[Task]: Print only the lines running from the line with "Dennoch bleibt ASUS" to the final line below, both included, exactly as written and without the pictures.

Collection entries:

◆ ◆ ◆ ◆ ◆

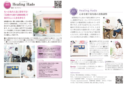 メディア掲載 ポスト シェア はてブ 送る Pocket Pin itHealing hadoは、信頼ある雑誌にてご紹介いただきました。美人百花2025年5月号掲載 「五感から癒やす波動改善」として、自分らしい人生を歩むための サロンとして掲載。波動調整や自宅で取り入れられるセルフケアに ついても紹介されています。 アネモネ 2025年6月号掲載 「心身を癒やす最先端の波動調整」として取り上げられました。 波動療法による不調改善やエネルギーバランスの調整について 美容・健康・人間関係など幅広くサポートできる専門サロンとして 紹介されています。
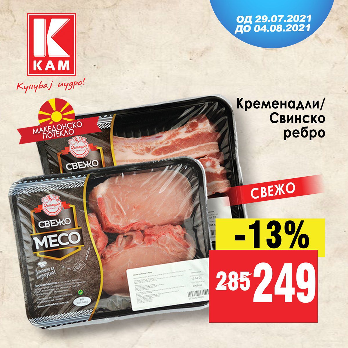 Свежи кременадли и свинско ребро по одлична цена од 249 денари и 13% попуст во КАМ маркети!
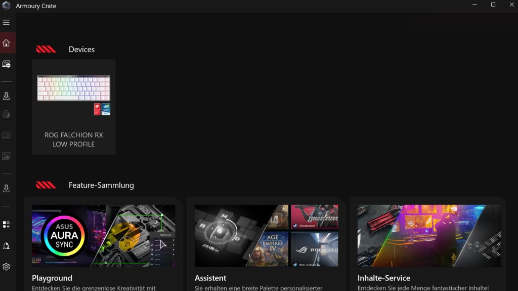 Dennoch bleibt ASUS aggressiv in seiner Software: ständig werde ich dazu aufgefordert, mich doch bitte einzuloggen oder tolle neue Features (irgendwelche Wallpaper) zu installieren. Obendrein belegt Armoury Crate bei mir zwischen 350 und 400 Megabyte im Arbeitsspeicher. Für eine Software, die ich nur für die Tastatur benutzen möchte, ist das sehr viel. Damit liegt man beim Ressourcenhunger irgendwo zwischen Synapse (Razer) und iCue (Corsair).
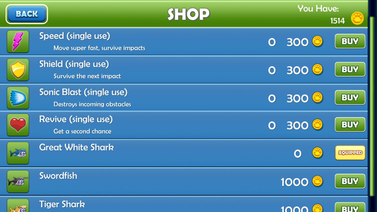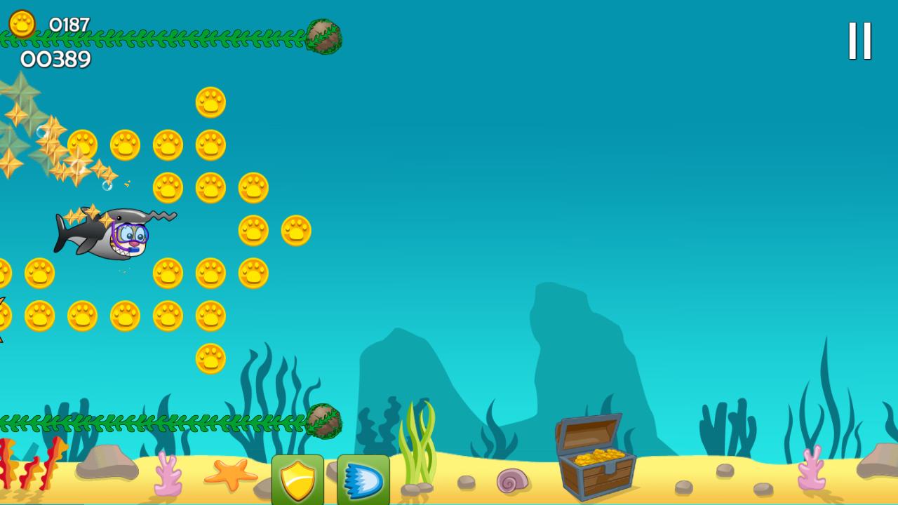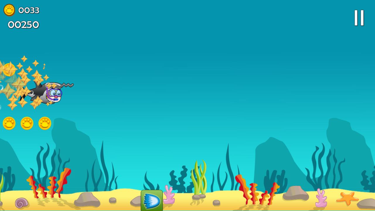 Can you help Tiger disguised in a shark suit, collect as many coins as possible to get upgrades, and enjoy his discovery dive holiday? Collect coins and avoid dangerous jelly fish and real sharks as Tiger explores the depths, Collect a heart for additional lives, if he's in trouble, press the heart to continue. Too tough? go to the store and spend your coins, get a suit upgrade and other power ups.
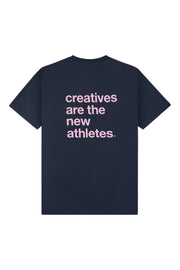 The catna tee in navy/pink features TNO's classic emblem logo embroidered on the left chest, while the back carries the statement phrase: creatives are the new athletes, screen-printed in pink.

◆ ◆ ◆ ◆ ◆

[Exercise output]:
 Dennoch bleibt ASUS aggressiv in seiner Software: ständig werde ich dazu aufgefordert, mich doch bitte einzuloggen oder tolle neue Features (irgendwelche Wallpaper) zu installieren. Obendrein belegt Armoury Crate bei mir zwischen 350 und 400 Megabyte im Arbeitsspeicher. Für eine Software, die ich nur für die Tastatur benutzen möchte, ist das sehr viel. Damit liegt man beim Ressourcenhunger irgendwo zwischen Synapse (Razer) und iCue (Corsair).
 Can you help Tiger disguised in a shark suit, collect as many coins as possible to get upgrades, and enjoy his discovery dive holiday? Collect coins and avoid dangerous jelly fish and real sharks as Tiger explores the depths, Collect a heart for additional lives, if he's in trouble, press the heart to continue. Too tough? go to the store and spend your coins, get a suit upgrade and other power ups.
 The catna tee in navy/pink features TNO's classic emblem logo embroidered on the left chest, while the back carries the statement phrase: creatives are the new athletes, screen-printed in pink.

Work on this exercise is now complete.